On this day in 1980, 13-year-old Cari Lightner of Fair Oaks, California, is walking along a quiet road on her way to a church carnival when a car swerves out of control, striking and killing her. Cari’s tragic death compelled her mother, Candy Lightner, to found the organization Mothers Against Drunk Driving (MADD), which would grow into one of the country’s most influential non-profit organizations.
When police arrested Clarence Busch, the driver who hit Cari, they found that he had a record of arrests for intoxication, and had in fact been arrested on another hit-and-run drunk-driving charge less than a week earlier. Candy Lightner learned from a policeman that drunk driving was rarely prosecuted harshly, and that Busch was unlikely to spend significant time behind bars. Furious, Lightner decided to take action against what she later called “the only socially accepted form of homicide.” MADD was the result. (Charged with vehicular homicide, Busch did eventually serve 21 months in jail.)
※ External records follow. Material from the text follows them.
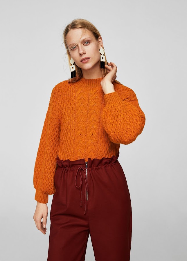 En Mango también se atreven con las mezclas arriesgadas. Por ejemplo encontramos un jersey de ochos naranja combinado con un pantalón en color cereza.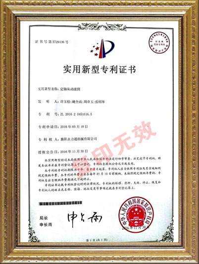 • 定軸從動滾筒實用新型專利證書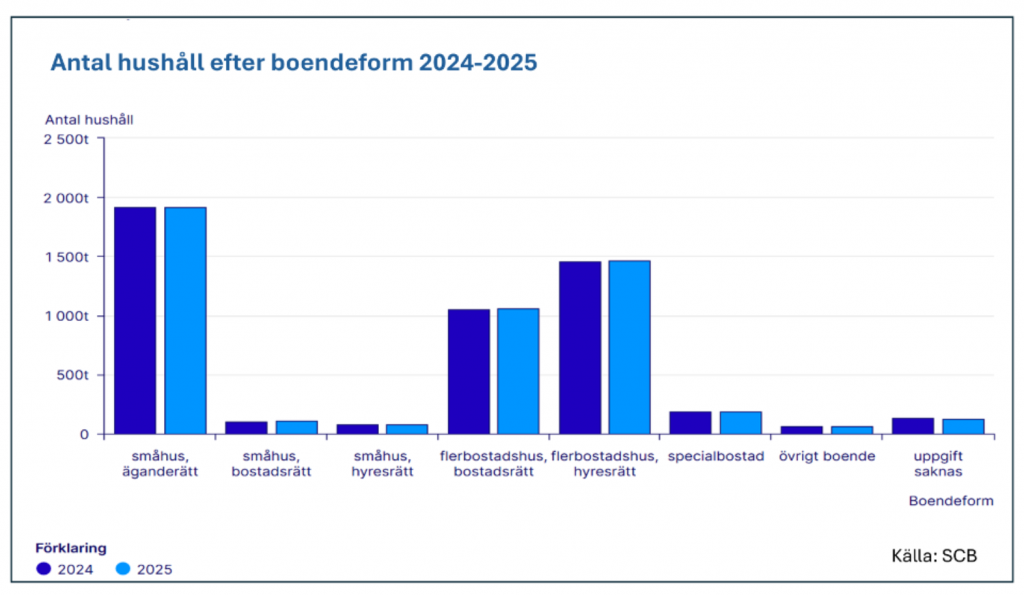 SCB’s årliga redovisning av antalet hushåll i Sverige visar på en ökning. Vid slutet av år 2025 uppgick antalet hushåll i Sverige till drygt fem miljoner, totalt 5 002 600. Det innebär en ökning med cirka 30 600 hushåll jämfört med året innan, vilket motsvarar knappt en procents tillväxt. Den mest förekommande boendeformen var småhus med äganderätt, där 38 procent av hushållen bodde. Därefter följde hyresrätter i flerbostadshus som stod för 29 procent, medan 21 procent bodde i bostadsrätter. Den genomsnittliga bostadsytan i landet till 42 kvadratmeter per person.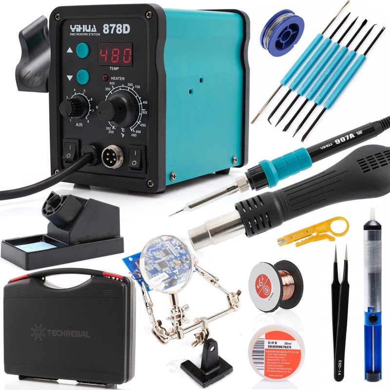 Stacja Lutownicza Hot Air Lutownica 878D Walizka z Narzędziami do Lutowania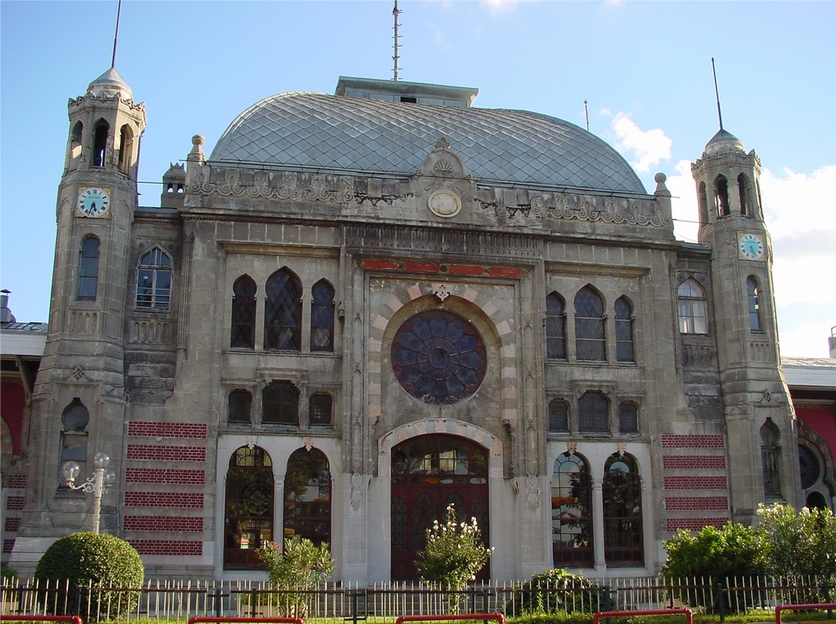Построенное в 1890 году в качестве конечной станции поезда Orient-Express, идущего из Парижа, это здание в османском стиле модерн особенно привлекательно своим фасадом. Полоски красного кирпича окружают широкий вход, а красочные витражи на окнах создают брызги цвета внутри здания. Несмотря на то, что этот главный вход теперь уже не используется, люди частенько останавливаются перед ним, чтобы полюбоваться строением, а может, и застать случайное выступление дервишей, кружащихся внутри большого зала.
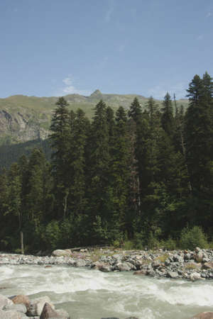 Mountain summer landscape with forest and high peaks. Caucasus. A view of the main Caucasian ridge. Biosphere Reserve resort Dombay. The concept of travel and tourism.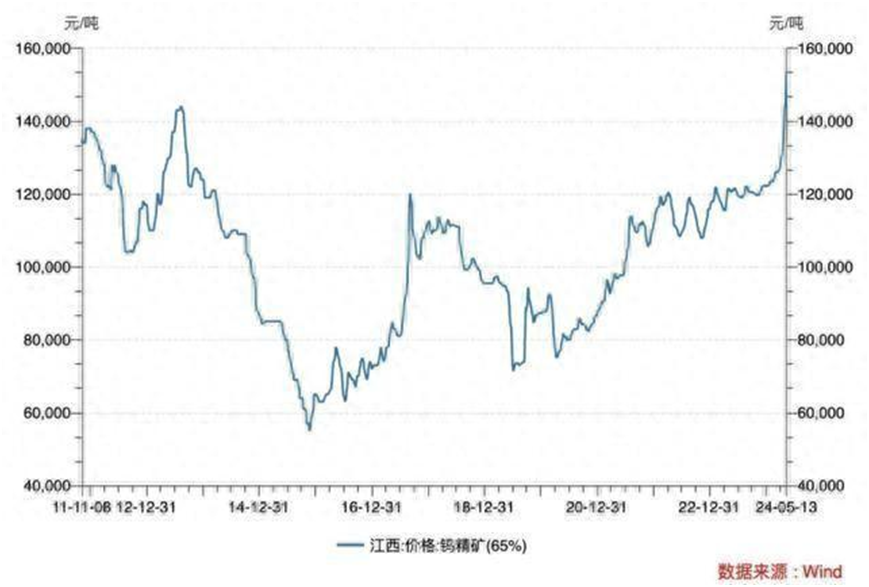 4月以來,被譽(yù)為“工業(yè)牙齒”的金屬鎢價(jià)持續(xù)走高。據(jù)Wind數(shù)據(jù)統(tǒng)計(jì),5月13日,江西地區(qū)65%品位的鎢精礦均價(jià)達(dá)到了15.35萬元/噸,相比4月1日12.65萬元/噸的價(jià)格,上漲了21.34%,較年初上漲25.58%,創(chuàng)下了自2013年以來的新高。

In 1980–the year Cari Lightner died–some 27,000 alcohol-related traffic fatalities occurred in the United States, including 2,500 in California alone. After founding MADD, Lightner began lobbying California’s governor, Jerry Brown, to set up a state task force to investigate drunk driving. Brown eventually agreed, making her the task force’s first member. In 1981, California passed a law imposing minimum fines of $375 for drunk drivers and mandatory imprisonment of up to four years for repeat offenders. President Ronald Reagan soon asked Lightner to serve on the National Commission on Drunk Driving, which recommended raising the minimum drinking age to 21 and revoking the licenses of those arrested for drunk driving. In July 1984, she stood next to Reagan as he signed a law reducing federal highway grants to any state that failed to raise its drinking age to 21 (a change that was estimated to save around 800 traffic deaths annually); by the following year, all 50 states had tightened their drunk-driving laws.
MADD had expanded to some 320 chapters and 600,000 volunteers and donors nationwide by 1985, when Lightner parted ways with the organization. MADD went on to wage a campaign to lower the nation’s legal blood alcohol content from 0.1 percent to 0.08. The group won a major victory in 2000, when the Clinton administration passed a law tying federal highway funds to states’ adoption of the 0.08 standard. By that year–the 20th anniversary of MADD’s founding–alcohol-related fatalities had dropped some 40 percent over two decades, and states with the toughest drunk-driving laws were beginning to treat alcohol-related fatalities as murder.